En la digitalización, la minería va por detrás de otros sectores industriales debido a los dos problemas de la «última milla»: la falta de conectividad fiable en lugares remotos y la complejidad de la recuperación de datos de los equipos móviles. Una de las tecnologías capaces de cambiar la situación abordando estos problemas es el Edge computing. Donald Lafont, Vicepresidente de Ingeniería de Producto de Symboticware, es un veterano experto en tecnología. Dirige el diseño de dispositivos de vanguardia que permiten la conectividad de equipos móviles en los entornos más difíciles. Nos sentamos con Don para hablar de las oportunidades de salvar las distancias en la digitalización de la industria minera.
Hay mucha confusión sobre lo que significa Edge. ¿Puedes explicarlo con tus propias palabras?
El término «Edge» -o informática distribuida- se refiere a pequeños dispositivos que se sitúan en el «borde» remoto de una red. Estos dispositivos pueden recopilar datos y realizar operaciones informáticas incluso cuando la red está desconectada, por ejemplo, cuando están fuera del alcance de las señales de telefonía móvil o Wi-Fi. Cuando estos dispositivos vuelven a estar conectados, transfieren al servidor los datos recopilados y procesados que tienen. Nuestras interfaces de datos -SymBot para equipos pesados y su homólogo más asequible SymBit- se basan en los principios del Edge computing.
¿Cómo ayuda Edge a superar los obstáculos a la digitalización en la minería?
No es ningún secreto que la digitalización en la minería ha sido lenta. En parte, se debe a cómo las empresas tecnológicas han enfocado la digitalización en sus inicios. La idea era recopilar tantos datos como fuera posible y transferir estos grandes volúmenes de datos a un servidor remoto para su posterior procesamiento. Adecuado para fábricas situadas en grandes ciudades, este planteamiento no funcionó para la minería: las explotaciones mineras suelen estar situadas fuera del alcance de redes estables. Incluso cuando se dispone de conectividad, los costes de transferencia de datos pueden descontrolarse rápidamente, sobre todo si deben utilizar costosas redes de satélites.

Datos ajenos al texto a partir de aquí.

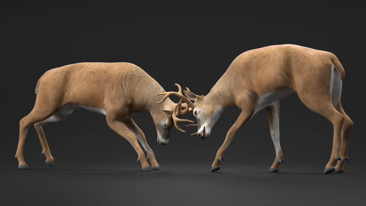 Whitetail Deer Fighting is a high quality, photo real 3d model that will enhance detail and realism to any of your rendering projects. The model has a fully textured, detailed design that allows for close-up renders, and was originally modeled in 3ds Max 2020 and rendered with V-Ray. Renders have no postprocessing!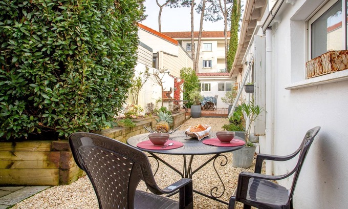 2-family house "Norecic". 2 houses in the residence. In the centre of La Bernerie en Retz, excellent location: right in the centre but still quiet, 300 m from the sea, 300 m from the beach. For shared use: courtyard, public parking 100 m. Shop, restaurant, bakery 100 m, 3 minute walk to the centre, bus stop "Bourg de la Bernerie en Retz" 800 m, railway station "La Bernerie en Retz" 200 m, sandy beach "Plan d'Eau" 300 m, thermal baths "Alliance Thalasso & Spa Pornic" 8 km. Golf course (18 hole) 10 km. Nearby attractions: Pornic 6 km, Planète Sauvage 26 km, Nantes 46 km, Ile de Noirmoutier 52 km, La Baule 52 km. Hiking paths: Promenade Wilson 300 m. Please note: Additional accommodations can be booked.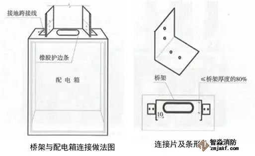 3、橋架與配電箱的連接:配電箱頂部劃線、鉆孔,用電鋸開條形孔,清理孔邊沿毛刺,孔兩端為弧形,兩端尺寸小于橋架寬度10mm左右,厚度小于等于橋架厚度的80%,孔中心與橋架中心對應(yīng),開孔處補漆,孔周邊粘貼橡膠條護口。箱體與橋架用1~1.5mm厚、90°的橋架連接片連接,連接螺栓絲頭朝外,加設(shè)專用墊片,刃面朝向橋架連接片,螺栓外露2~3扣絲。橋架與箱體采用4mm²黃綠雙色多股軟銅線或編織軟銅線接地跨接。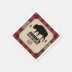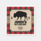 A background of red buffalo plaid contrasts against a kraft paper look panel on this Northwoods themed napkin. The panel holds the text and features a bison (buffalo) between two pine trees. The crossed axe makes a custom logo below. Great addition to a birthday, bachelor party, seasonal event, or a buffalo plaid, or lumberjack themed celebration. Available with matching products.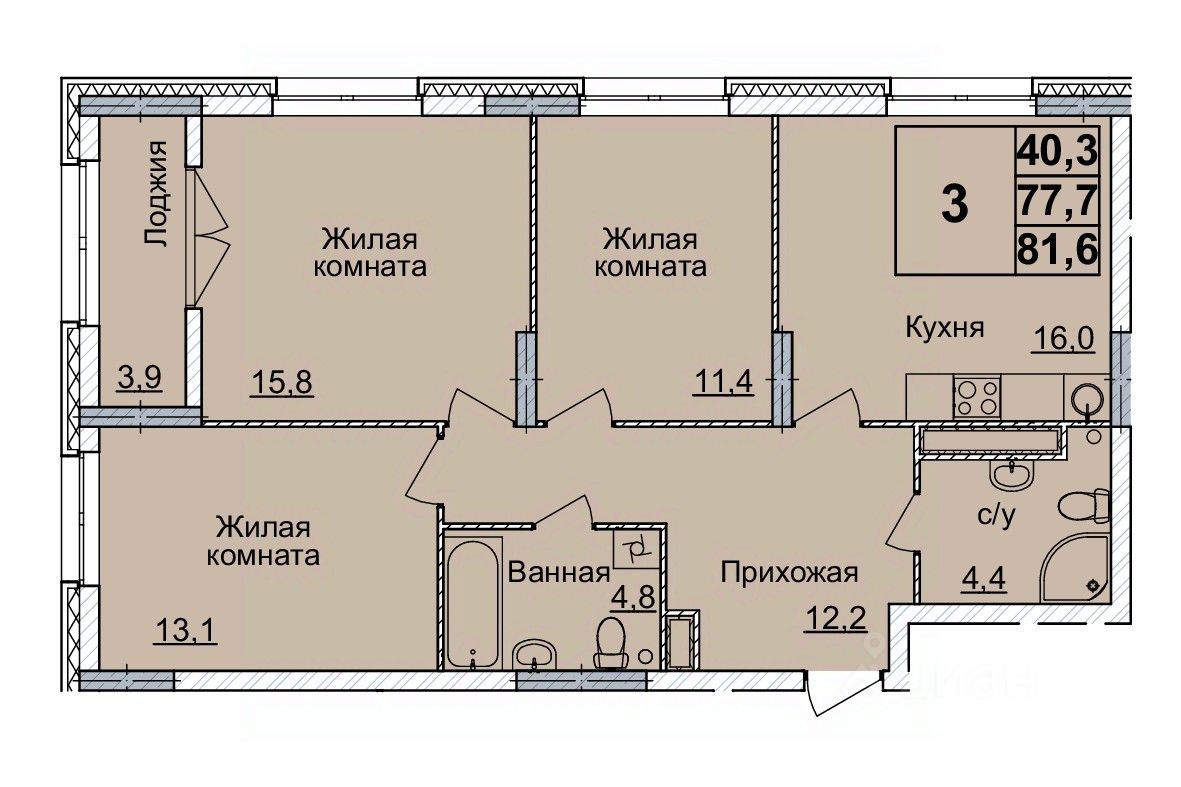 Общая площадь81 м2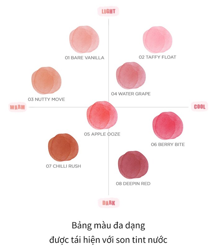 Romand Bare Water Tint mang đến 8 sắc màu tuyệt đẹp, phù hợp với nhiều tone da: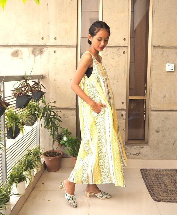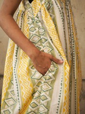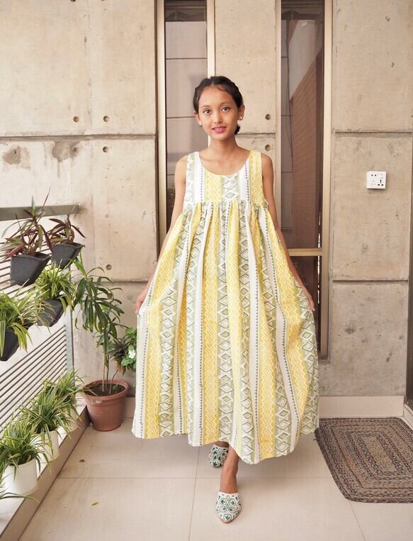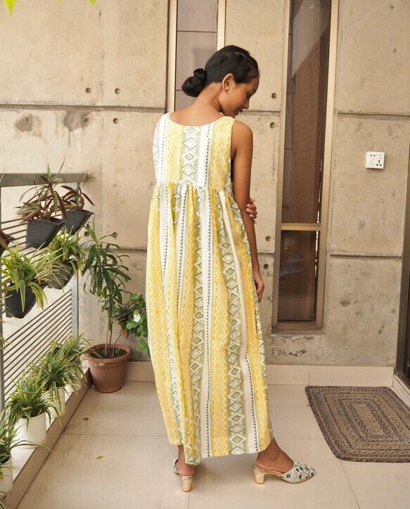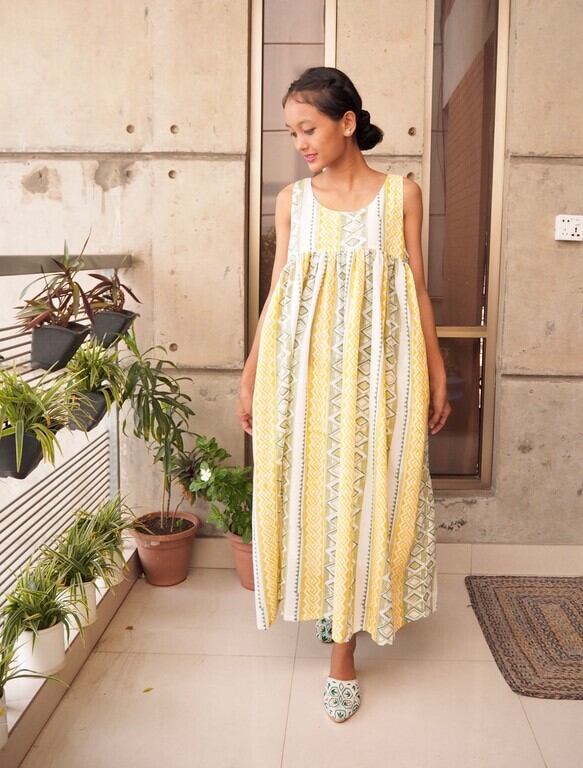 ギャザーワンピース(ハンドブロックプリントコットン)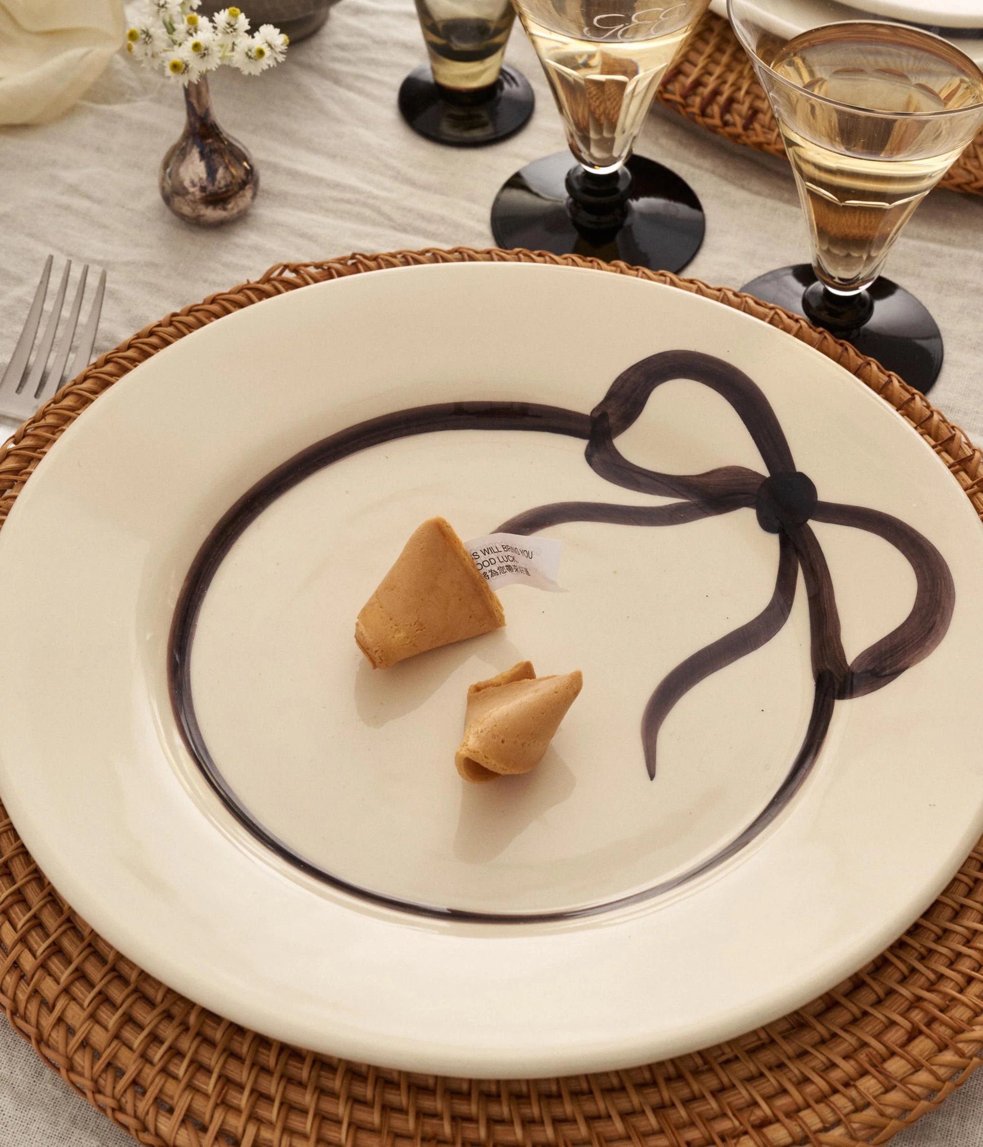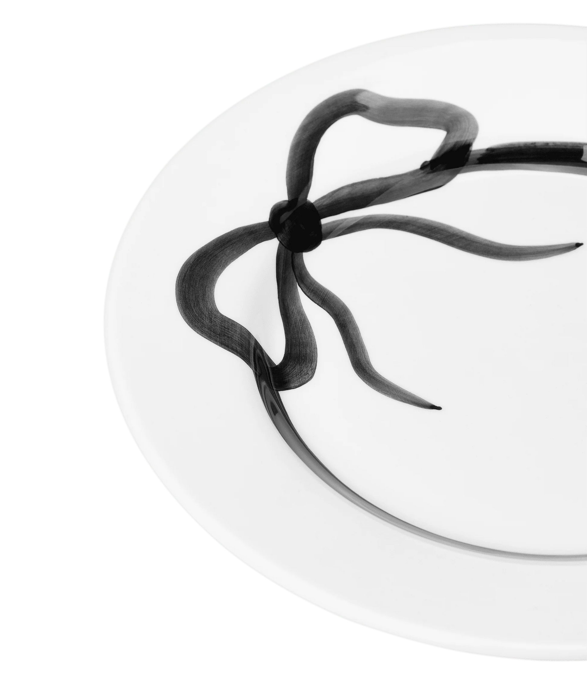En romantisk tallrik från PICK A POPPY. Vill du bjuda dina gäster på en middag där mer än maten blir en upplevelse är denna tidlösa tallrik perfekt. Med sin vita bas och svarta rosett skapar den en unik känsla till bordet.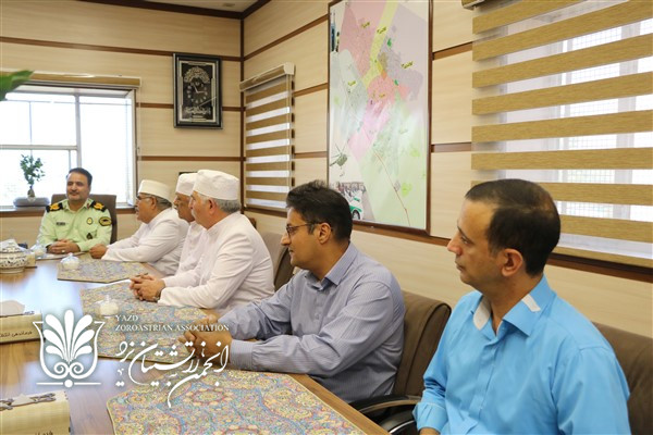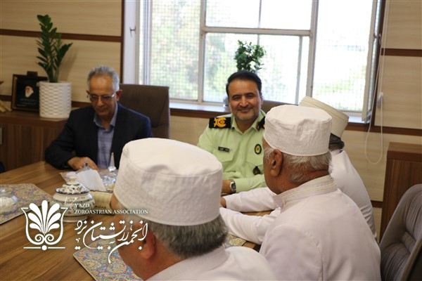 در روز پنجشنبه ۱۷ مهرماه ۱۴۰۴ برابر با دی به دین ایزد و مهرماه ۳۷۶۳ زرتشتی، جمعی از روسای انجمن های زرتشتیان یزد با همراهی نمایندگان انجمون موبدان و موبدیاران، به دیدار سردار احمد نگهبان، فرمانده محترم نیروی انتظامی استان یزد رفتند.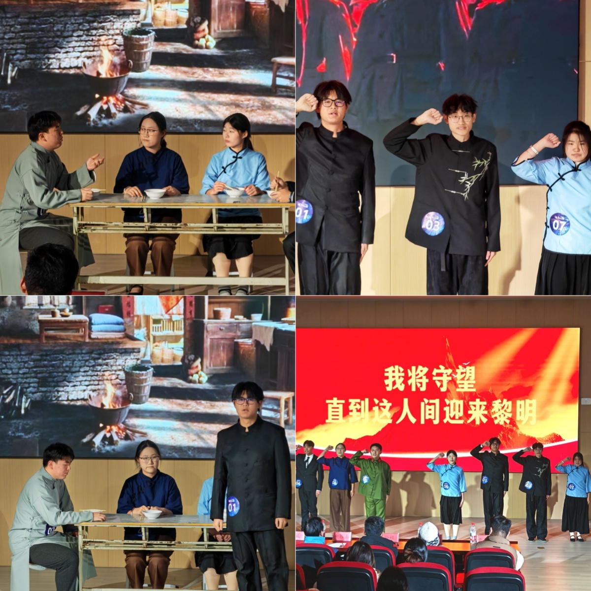 本次参赛话剧以深厚的爱国情怀为主线,生动再现了九一八事变后的烽火岁月:起初,亲历战争残酷的老师担忧学子安危,不赞同他们投身抗争;而满怀热血的学子们,受《国殇》中楚军将士忠贞报国、勇武赴死的精神深刻感召,坚定了反抗侵略的决心,最终毅然参军守护家国。演出中,学子们以精湛的演技、真挚的情感与富有张力的肢体语言,将先辈的理想信念与当代青年的使命担当鲜活呈现,让现场观众沉浸式感受红色基因的传承魅力,深刻体悟爱国精神的时代力量。演出尾声的庄严宣誓,更彰显了新时代青年的责任担当,极大激发了全院学子的爱国奋斗豪情。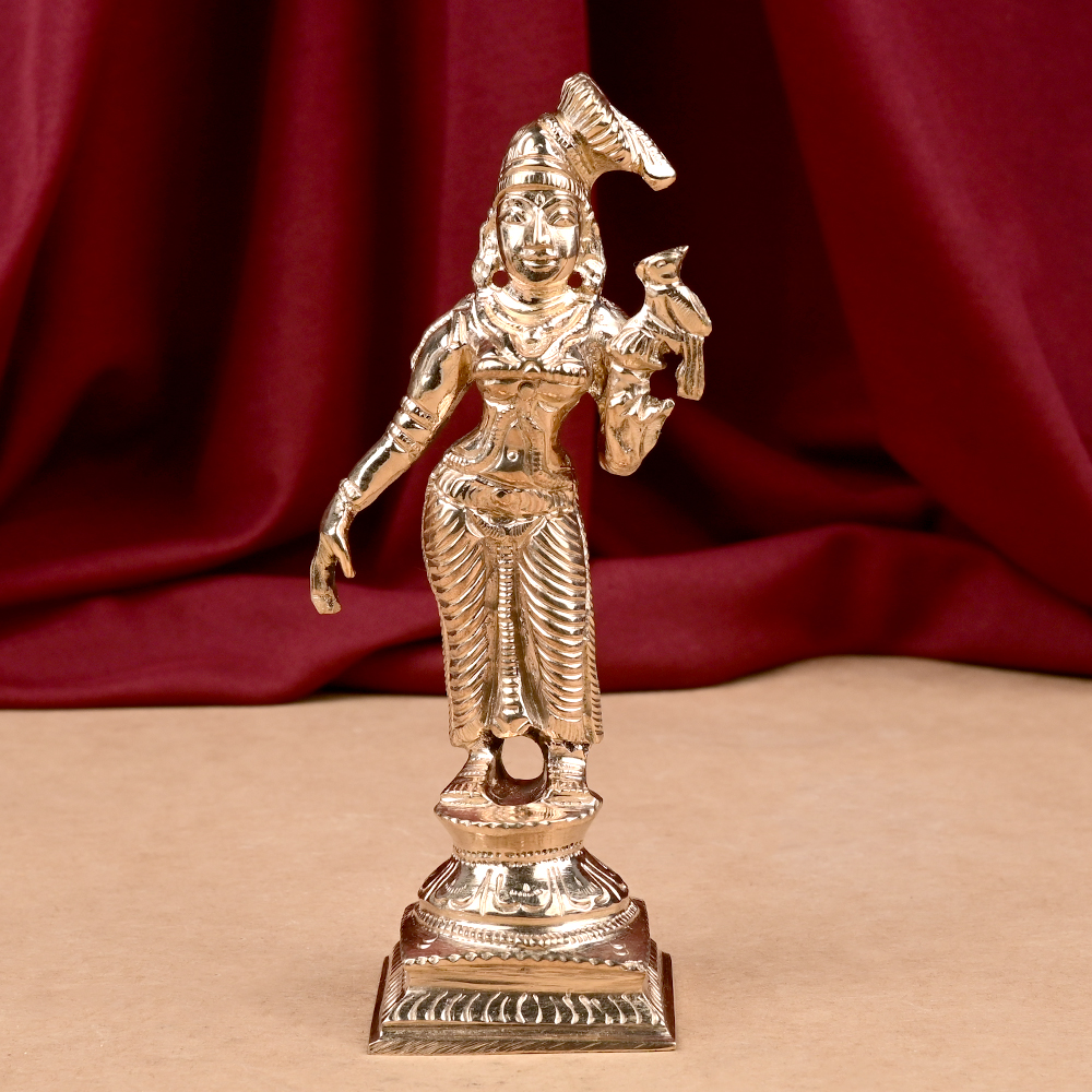 The divine Idol of Padmavati Devi gracefully standing on dais holding parrot in left hand is made from Panchadhatu. Made by traditional artisans from south India the idol brims with beauty and energy.Padmavati devi, consort of Shri Venkateshwara is mother Goddess for Vishnu devotees. Place this idol in your dwelling for spiritual and materialistic success.

Los dispositivos Edge rompen esta barrera. Recogen todos los datos, los procesan localmente y transfieren sólo la información que importa, reduciendo drásticamente los costes de los datos. Al mismo tiempo, como los dispositivos Edge tienen un hardware de rendimiento relativamente alto, los mineros pueden construir una infraestructura de datos de bajo coste y bajo consumo en torno a ellos. Por ejemplo, los sensores instalados en los yacimientos mineros -como termómetros o detectores de CO- pueden ser de tan baja potencia que durarán varios años con una sola batería. Los dispositivos Edge avanzados conectados constantemente a las fuentes de alimentación del vehículo se encargarán de la recuperación y el procesamiento de los datos.
¿Qué distingue a un dispositivo Edge construido para la industria minera de un equipo de uso general?
Nuestros dispositivos están especialmente diseñados para la industria de los recursos naturales, no sólo la minería, sino también la silvicultura, la construcción y el petróleo. Entendemos lo que buscan los operadores: eficiencia, seguridad, mantenimiento predictivo y optimización del consumo de combustible de los vehículos. Posibilitamos la recogida de estos datos integrándonos con la mayoría de los sensores instalados en los vehículos y en el entorno de las explotaciones mineras, independientemente de sus marcas y modelos. Además, cumplimos las certificaciones industriales más rigurosas, por lo que los operadores sabrán que están muy seguros. En tercer lugar, podemos operar en algunas de las infraestructuras de datos más difíciles, incluidas las redes malladas.
Las tecnologías Edge están empezando a ganar terreno en las industrias de recursos naturales. ¿Cuál es tu visión de su futuro?
Estoy seguro de que en la próxima década veremos estas tecnologías por todas partes. Algunas de las áreas en las que estas tecnologías obtendrán un rápido desarrollo son el transporte autónomo en las minas y la realización de muchas operaciones peligrosas. Los operadores humanos cometen errores, y la tecnología también. Pero, en general, esta tecnología puede supervisar continuamente y proporcionar una adquisición y un análisis inquebrantables de las acciones que las industrias de recursos pueden adaptar y a las que pueden responder. Esto conducirá a mejoras para una mayor eficacia, seguridad y productividad. Esto no sólo va a ocurrir, sino que ya está ocurriendo, y estoy orgulloso de que nuestro equipo haga posible este proceso.